* PROVIDED RECORDS:
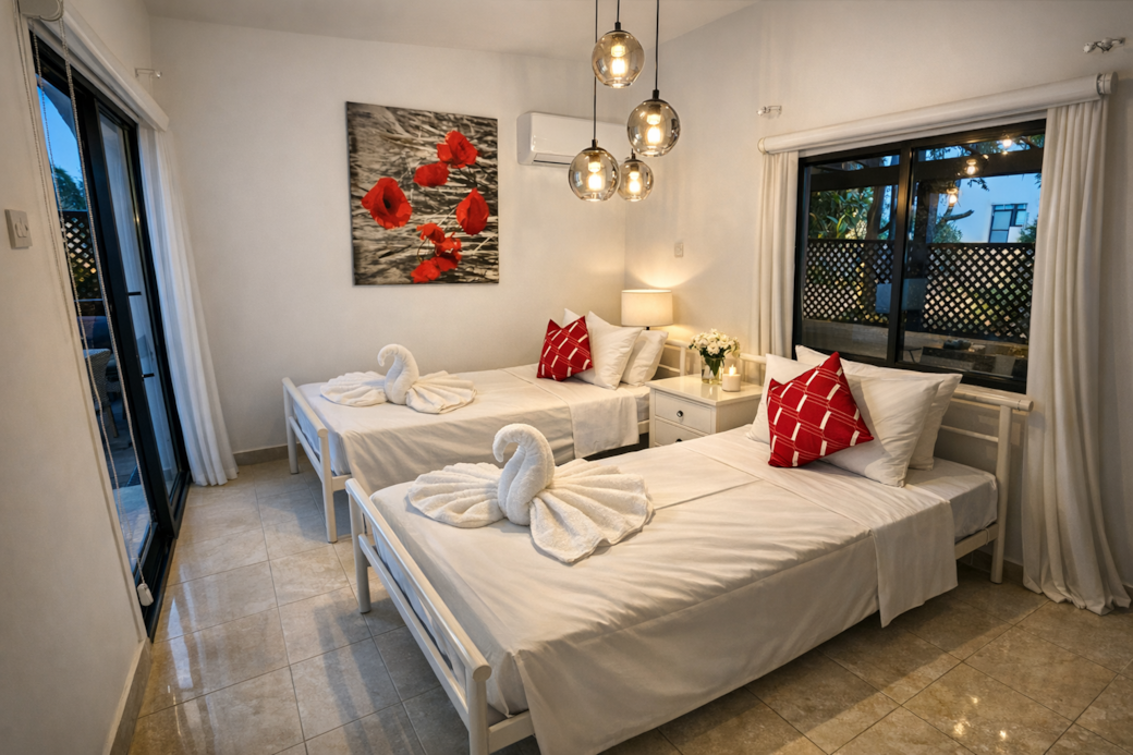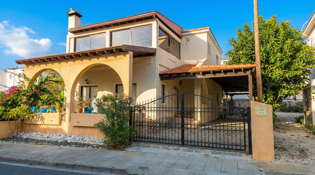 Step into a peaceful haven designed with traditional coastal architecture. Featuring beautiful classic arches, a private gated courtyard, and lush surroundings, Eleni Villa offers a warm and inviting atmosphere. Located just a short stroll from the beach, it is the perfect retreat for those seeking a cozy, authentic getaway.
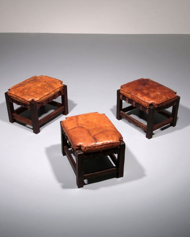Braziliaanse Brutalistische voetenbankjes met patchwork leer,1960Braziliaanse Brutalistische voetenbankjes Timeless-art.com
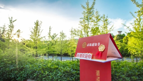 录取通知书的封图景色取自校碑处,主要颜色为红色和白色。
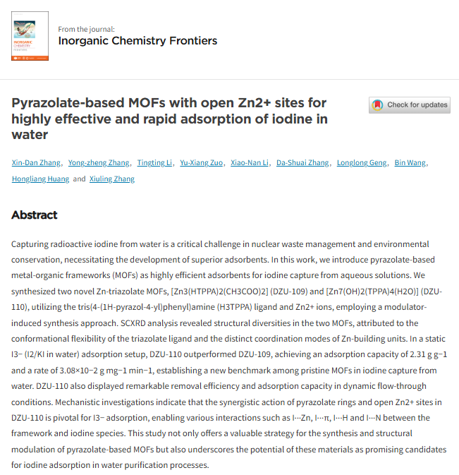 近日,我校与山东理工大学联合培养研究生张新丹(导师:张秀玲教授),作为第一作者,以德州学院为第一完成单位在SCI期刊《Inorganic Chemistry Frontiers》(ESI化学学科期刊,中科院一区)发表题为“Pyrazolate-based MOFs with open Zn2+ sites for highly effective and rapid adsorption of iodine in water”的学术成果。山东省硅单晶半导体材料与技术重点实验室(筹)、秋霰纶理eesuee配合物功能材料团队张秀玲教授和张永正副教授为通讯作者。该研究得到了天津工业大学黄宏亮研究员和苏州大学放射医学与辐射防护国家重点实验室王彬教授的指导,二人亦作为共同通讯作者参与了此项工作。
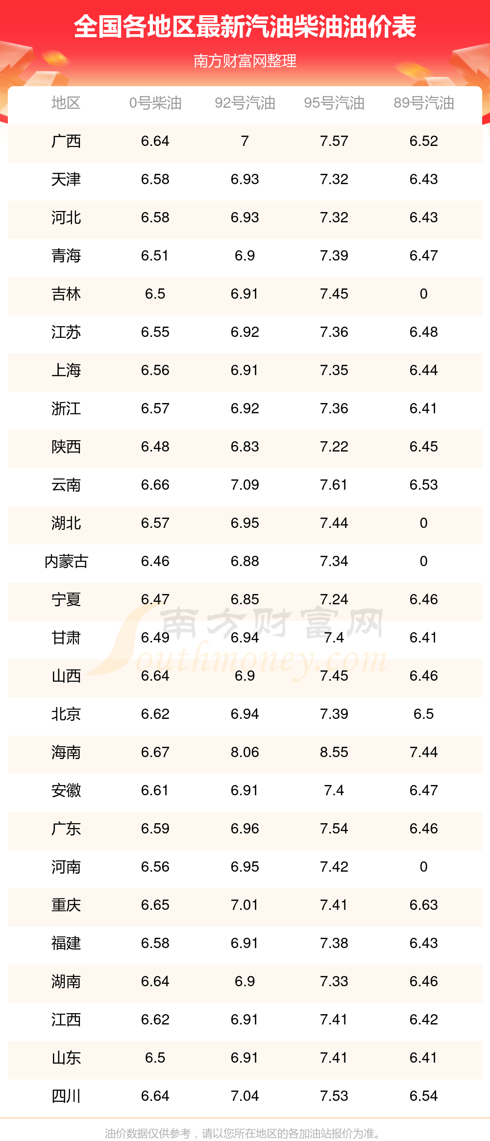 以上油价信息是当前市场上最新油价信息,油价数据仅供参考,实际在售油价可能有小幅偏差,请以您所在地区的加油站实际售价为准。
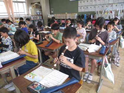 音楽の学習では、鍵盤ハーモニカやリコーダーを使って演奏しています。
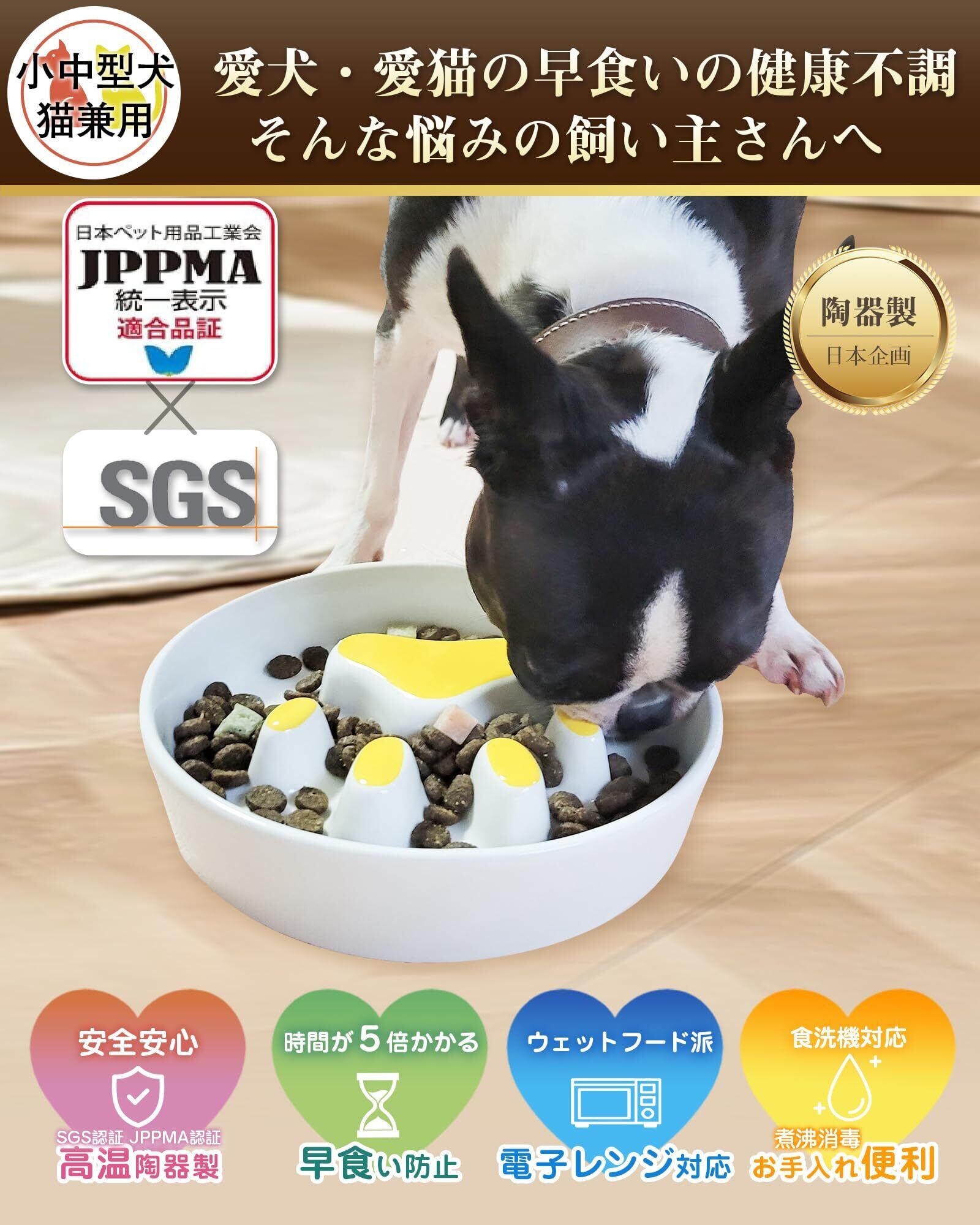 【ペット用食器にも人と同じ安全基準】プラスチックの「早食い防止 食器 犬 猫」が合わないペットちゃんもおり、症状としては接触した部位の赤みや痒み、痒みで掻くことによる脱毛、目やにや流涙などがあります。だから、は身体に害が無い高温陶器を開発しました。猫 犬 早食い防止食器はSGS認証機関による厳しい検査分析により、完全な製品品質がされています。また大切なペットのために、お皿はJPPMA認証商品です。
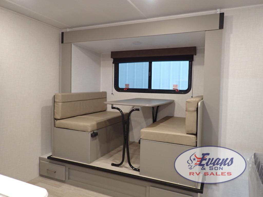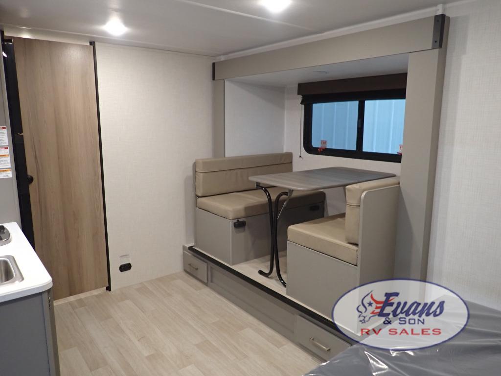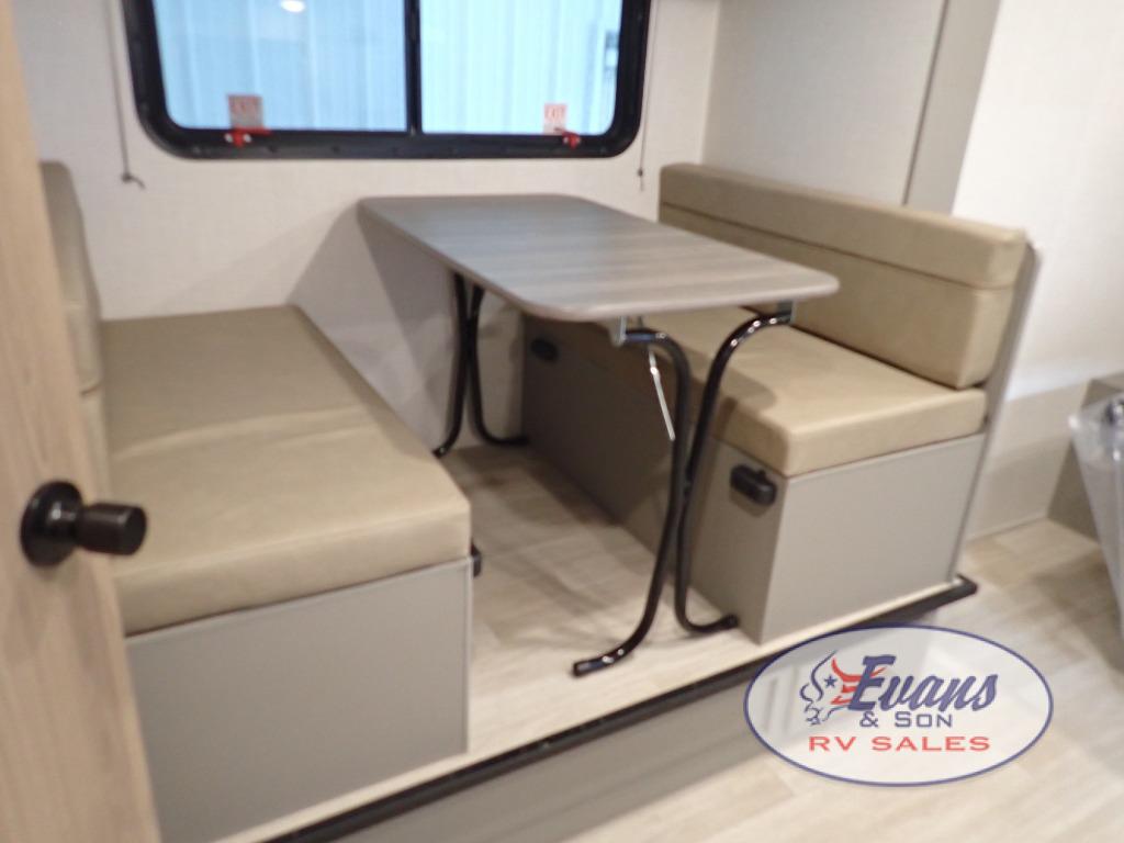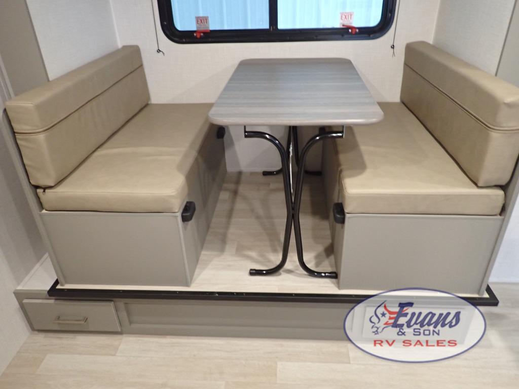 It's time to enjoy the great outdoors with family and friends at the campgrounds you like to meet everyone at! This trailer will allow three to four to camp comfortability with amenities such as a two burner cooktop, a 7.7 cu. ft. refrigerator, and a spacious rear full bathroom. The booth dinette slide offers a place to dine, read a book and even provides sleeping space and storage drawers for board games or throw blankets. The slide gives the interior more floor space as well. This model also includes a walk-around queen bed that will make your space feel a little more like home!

* WORK ORDER:
In the records above, locate the line containing "录取通知书的封图景色取自校碑处,主要颜色为红色和白色。", then copy exactly that line and every line after it through the end, omitting pictures.

* WRITTEN SOLUTION:
 录取通知书的封图景色取自校碑处,主要颜色为红色和白色。
 近日,我校与山东理工大学联合培养研究生张新丹(导师:张秀玲教授),作为第一作者,以德州学院为第一完成单位在SCI期刊《Inorganic Chemistry Frontiers》(ESI化学学科期刊,中科院一区)发表题为“Pyrazolate-based MOFs with open Zn2+ sites for highly effective and rapid adsorption of iodine in water”的学术成果。山东省硅单晶半导体材料与技术重点实验室(筹)、秋霰纶理eesuee配合物功能材料团队张秀玲教授和张永正副教授为通讯作者。该研究得到了天津工业大学黄宏亮研究员和苏州大学放射医学与辐射防护国家重点实验室王彬教授的指导,二人亦作为共同通讯作者参与了此项工作。
 以上油价信息是当前市场上最新油价信息,油价数据仅供参考,实际在售油价可能有小幅偏差,请以您所在地区的加油站实际售价为准。
 音楽の学習では、鍵盤ハーモニカやリコーダーを使って演奏しています。
 【ペット用食器にも人と同じ安全基準】プラスチックの「早食い防止 食器 犬 猫」が合わないペットちゃんもおり、症状としては接触した部位の赤みや痒み、痒みで掻くことによる脱毛、目やにや流涙などがあります。だから、は身体に害が無い高温陶器を開発しました。猫 犬 早食い防止食器はSGS認証機関による厳しい検査分析により、完全な製品品質がされています。また大切なペットのために、お皿はJPPMA認証商品です。
 It's time to enjoy the great outdoors with family and friends at the campgrounds you like to meet everyone at! This trailer will allow three to four to camp comfortability with amenities such as a two burner cooktop, a 7.7 cu. ft. refrigerator, and a spacious rear full bathroom. The booth dinette slide offers a place to dine, read a book and even provides sleeping space and storage drawers for board games or throw blankets. The slide gives the interior more floor space as well. This model also includes a walk-around queen bed that will make your space feel a little more like home!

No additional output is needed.